We use a batch size of 4 and fine-tune for 8 epochs. We use Adam optimizer with the learning rate of 1e-5. For Response Model, the number of Transformer Decoder Block is 4. Furthermore, we use three heuristic methods in our experiments:

Random We randomly predict action type and its corresponding parameters.

Frequency Method (FM) We first calculate the frequency of each action type and its corresponding parameters. Then, we apply the results to the development set and generate the prediction according to the frequency.

Most Frequent Method (MFM) Similar to the frequency method, we generate the prediction with the most frequent result.

For the evaluation, we use completion rate for action prediction. We first define two completion rate metrics: action completion rate and turn completion rate. One action is regarded as completed only if the action type and its parameters are correctly predicted. And if all actions in the same turn are completed, then the corresponding turn will be considered completed. For action type prediction, item prediction and direction prediction, we use accuracy. For input prediction, we use token level exact match and F1. And we use BLEU score to evaluate the Response Model.

5.3 Experiment Result

The experiment results of the Action Model are listed in Table 3. We can find that the deep learning methods outperform the heuristic methods by a large margin, which is expected. Comparing the results of BERT backbone and LayoutLM backbone, we find that BERT model yields better performance. The reason is that LayoutLM model was pre-trained on a scanned document image dataset, and there exists a large gap between the Android GUI and the scanned document images. Furthermore, we can find that LayoutLMv2 performs worse than LayoutLM. We hypothesize that LayoutLMv2 uses early-fusion method, which will bring more noises. We can also find that adding multi-modal information to BERT leads to a better performance ( $52.08\%\rightarrow 53.96\%$ ), and the improvements are mainly from the action type prediction, target item prediction and swipe direction prediction. The reason why adding images would help is that the image information contains some action histories that cannot be represented by text. For example, when filtering conditions on hotel reservations, the conditions selected in the previous action can be seen through the image (as a highlighted text), but they can not be reflected through text. An example is illustrated in Appendix H. Besides, the image information can help the model to locate the item more accurately. For example, for a screen with multiple radio buttons, since the BERT model does not take the item position as input, the model cannot distinguish the corresponding button for each option by only textual input. However, we also find that the performance of input text prediction degrades after adding image information. We assume that BERT itself can successfully model text information, but adding visual information will affect the model’s ability to understand text.

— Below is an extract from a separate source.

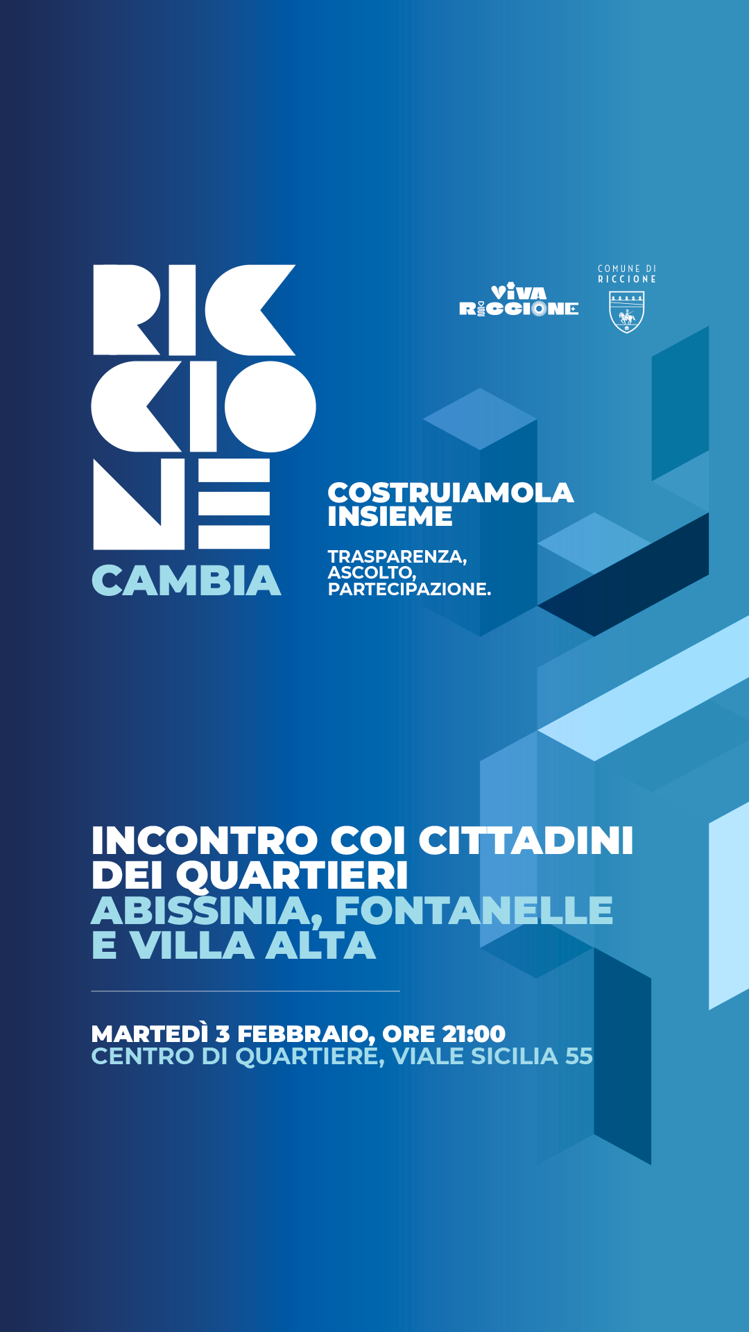 Prenderà il via martedì 3 febbraio il ciclo di incontri “Riccione cambia – Costruiamola insieme” con la sindaca Daniela Angelini e la Giunta comunale.

We further verify the importance of history information by adding action histories and screenshot histories. From the experiment results, we find that adding history information to BERT can improve the performance ( $52.08\%\rightarrow 55.42\%$ after adding action history to BERT, $53.96\%\rightarrow 55.62\%$ after adding screenshot history to BERT+mm). Adding action histories leads to greater performance improvement, which means action sequence is a more effective way to represent history. The screenshots contain higher-level history information, but the screenshot changes a lot before and after operation (sometimes one click may change the screen completely), which will bring difficulties to the information fusion.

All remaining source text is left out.